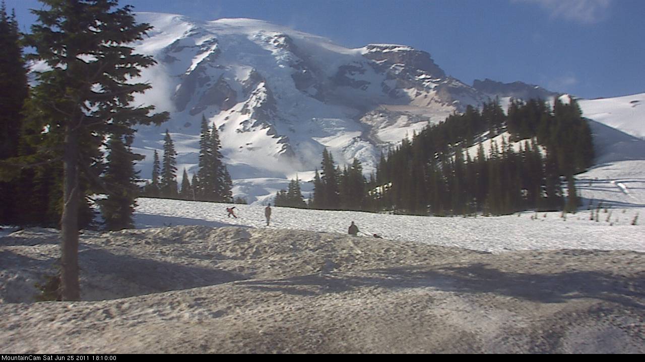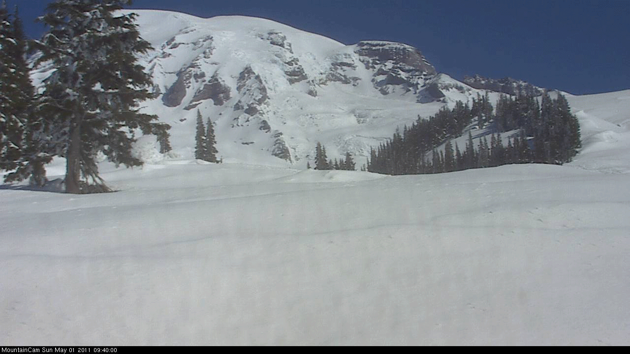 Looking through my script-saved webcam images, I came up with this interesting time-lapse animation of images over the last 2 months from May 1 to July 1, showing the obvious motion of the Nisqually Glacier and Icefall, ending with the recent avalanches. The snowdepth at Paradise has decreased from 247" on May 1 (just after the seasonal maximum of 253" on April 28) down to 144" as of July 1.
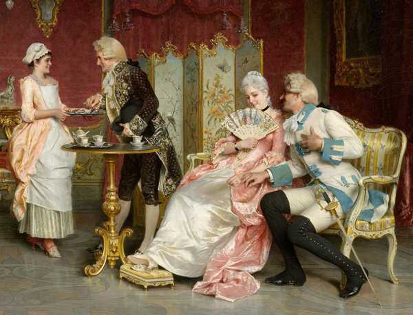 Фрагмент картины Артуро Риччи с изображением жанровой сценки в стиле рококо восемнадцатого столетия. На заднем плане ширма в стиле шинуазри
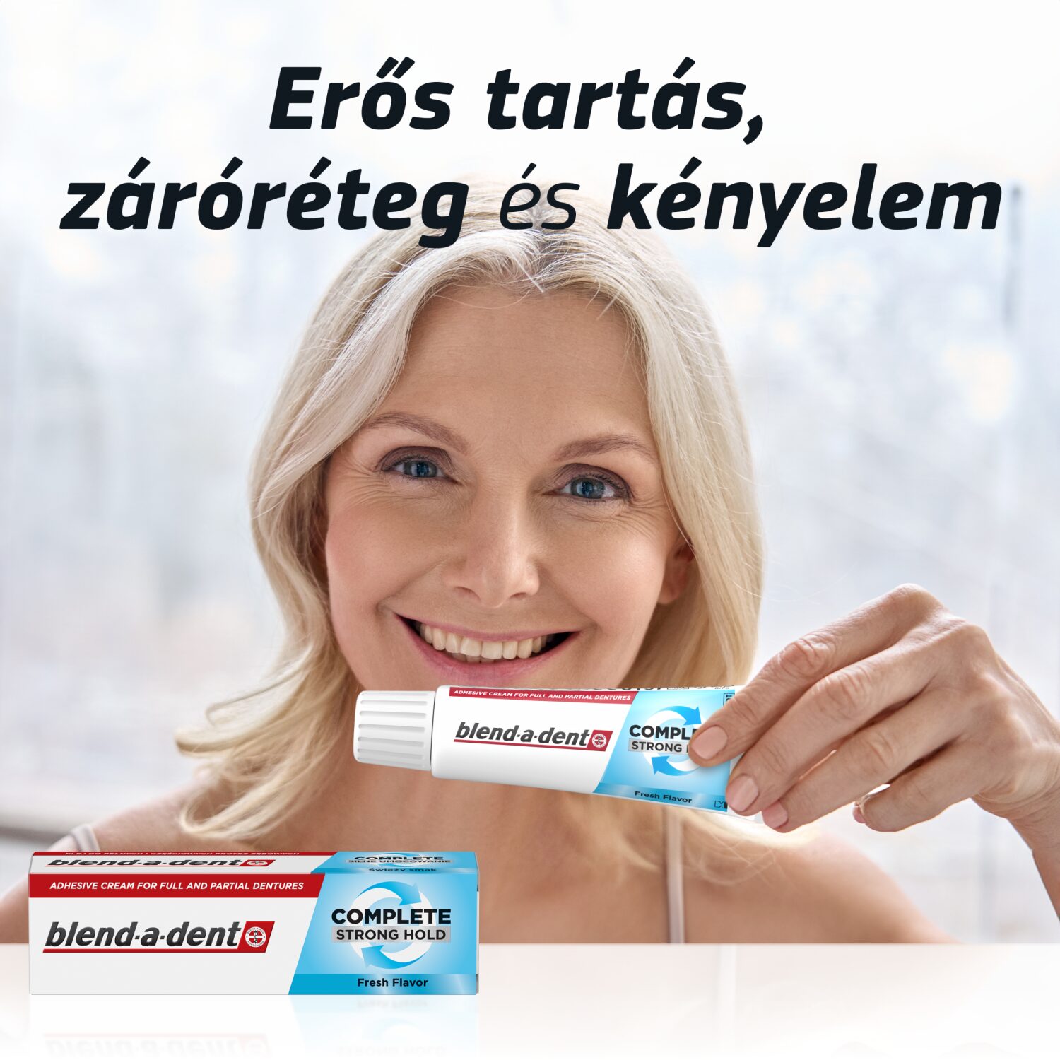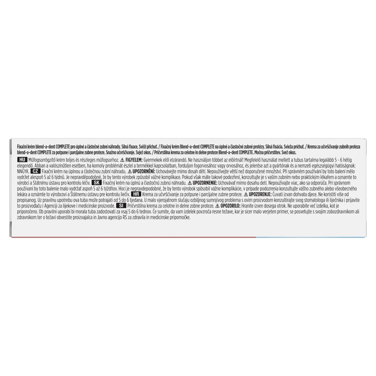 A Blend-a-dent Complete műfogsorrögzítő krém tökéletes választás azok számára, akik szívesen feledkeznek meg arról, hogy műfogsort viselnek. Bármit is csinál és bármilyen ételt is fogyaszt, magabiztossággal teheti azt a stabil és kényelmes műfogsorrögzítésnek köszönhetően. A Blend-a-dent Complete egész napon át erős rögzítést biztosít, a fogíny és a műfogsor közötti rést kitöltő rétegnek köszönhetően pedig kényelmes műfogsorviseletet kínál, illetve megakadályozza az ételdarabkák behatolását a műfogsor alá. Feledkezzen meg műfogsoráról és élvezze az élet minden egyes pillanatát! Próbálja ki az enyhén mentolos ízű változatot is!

----------

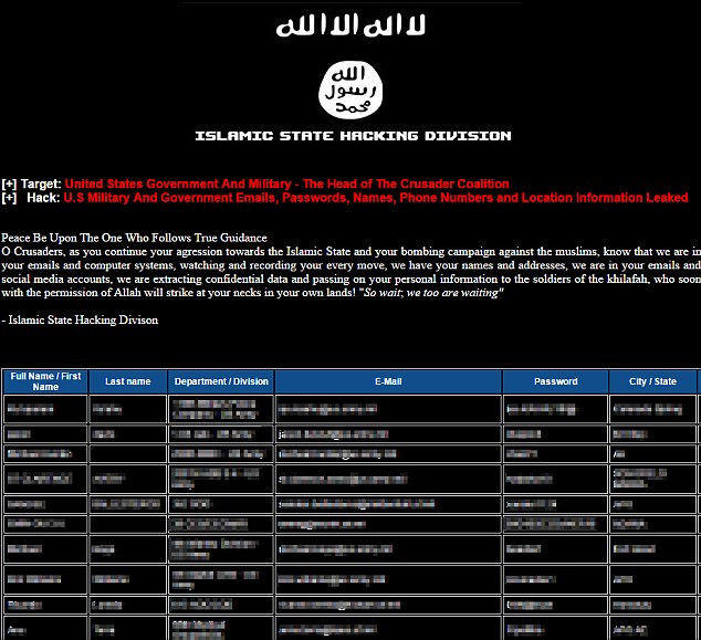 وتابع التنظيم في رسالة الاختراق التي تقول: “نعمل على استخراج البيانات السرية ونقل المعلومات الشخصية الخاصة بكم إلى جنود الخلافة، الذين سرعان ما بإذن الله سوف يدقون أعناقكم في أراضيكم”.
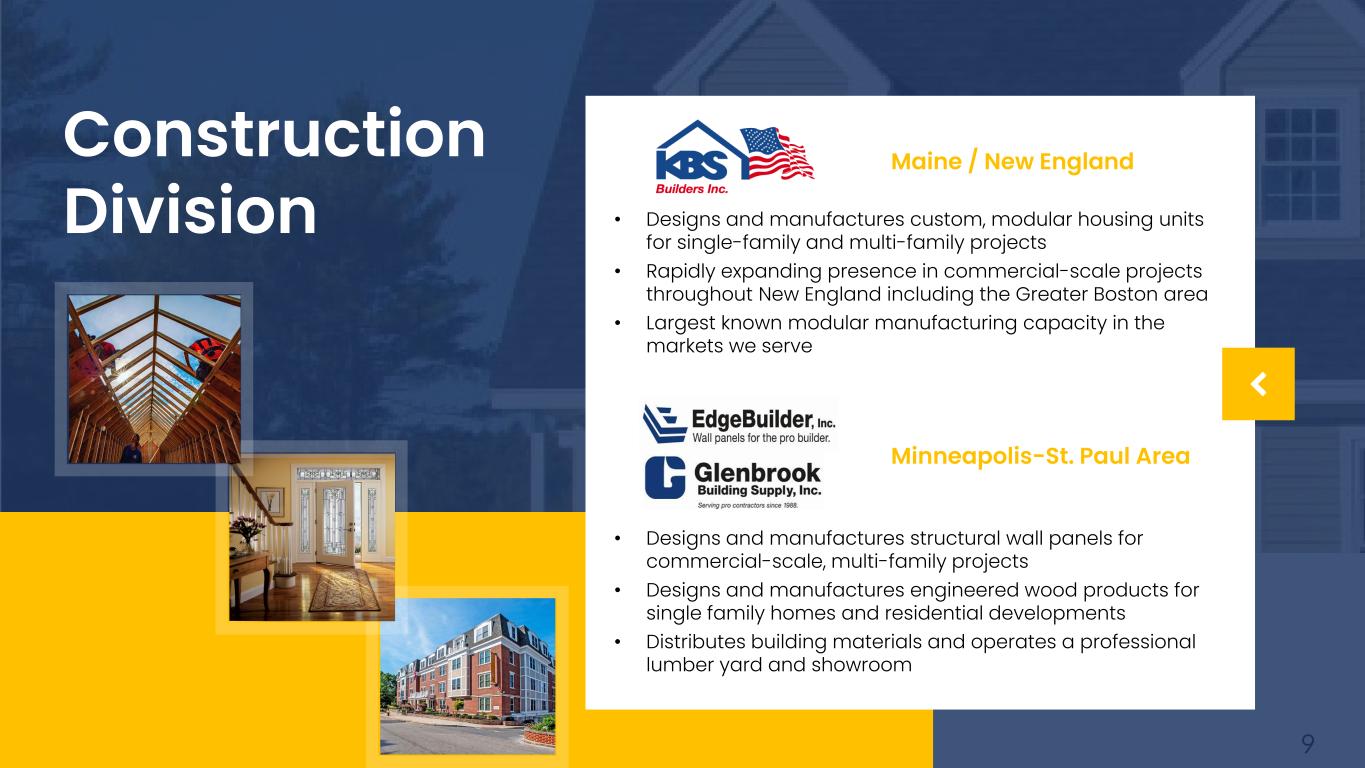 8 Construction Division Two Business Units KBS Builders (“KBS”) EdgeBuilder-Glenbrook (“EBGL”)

----------

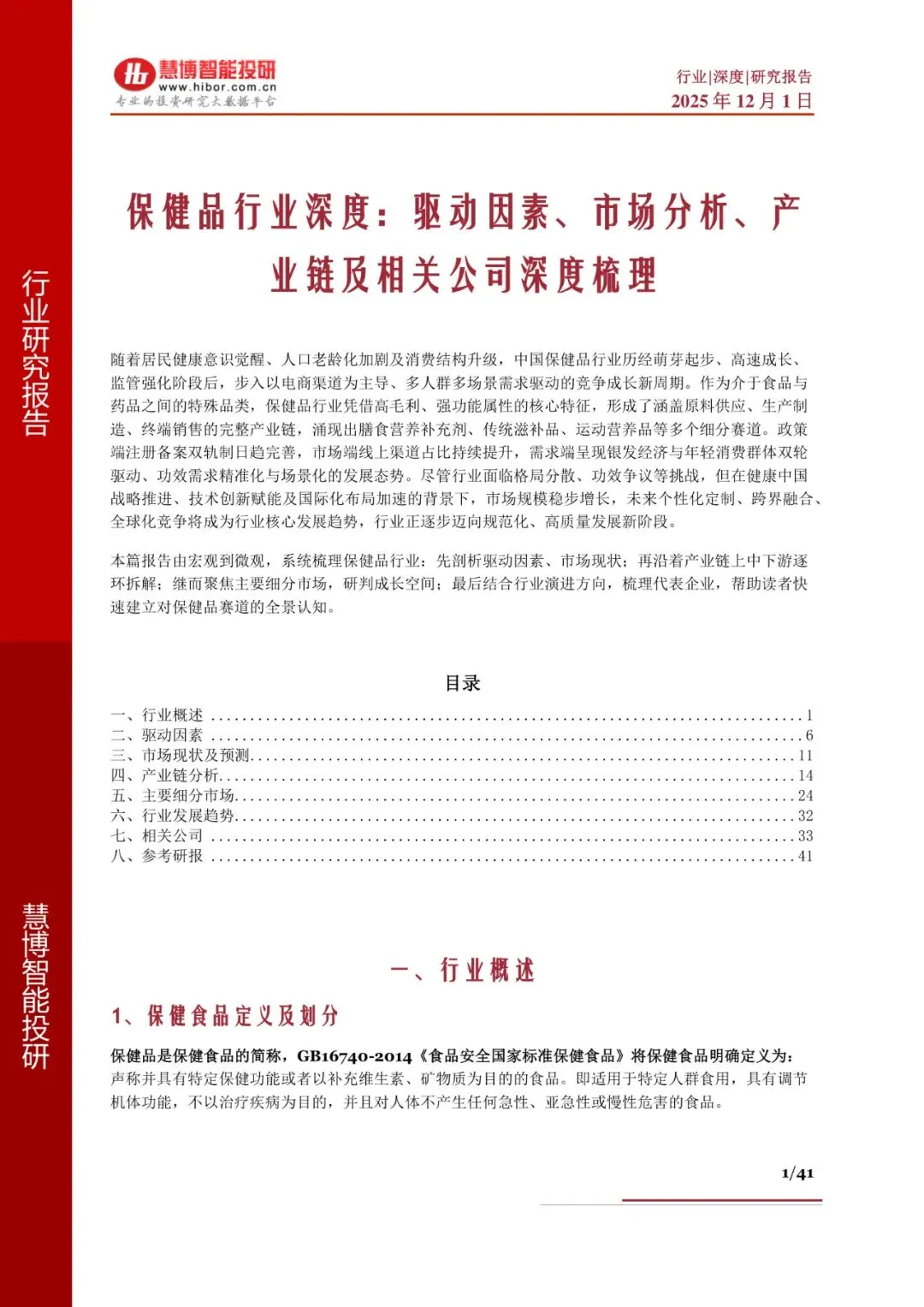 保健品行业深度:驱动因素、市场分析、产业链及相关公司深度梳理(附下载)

----------

YOUR OBJECTIVE: The lines above from the line with "وتابع التنظيم في" through the line with "8 Construction Division" are to be given again word for word, with no pictures among them.

WRITTEN ANSWER:
 وتابع التنظيم في رسالة الاختراق التي تقول: “نعمل على استخراج البيانات السرية ونقل المعلومات الشخصية الخاصة بكم إلى جنود الخلافة، الذين سرعان ما بإذن الله سوف يدقون أعناقكم في أراضيكم”.
 8 Construction Division Two Business Units KBS Builders (“KBS”) EdgeBuilder-Glenbrook (“EBGL”)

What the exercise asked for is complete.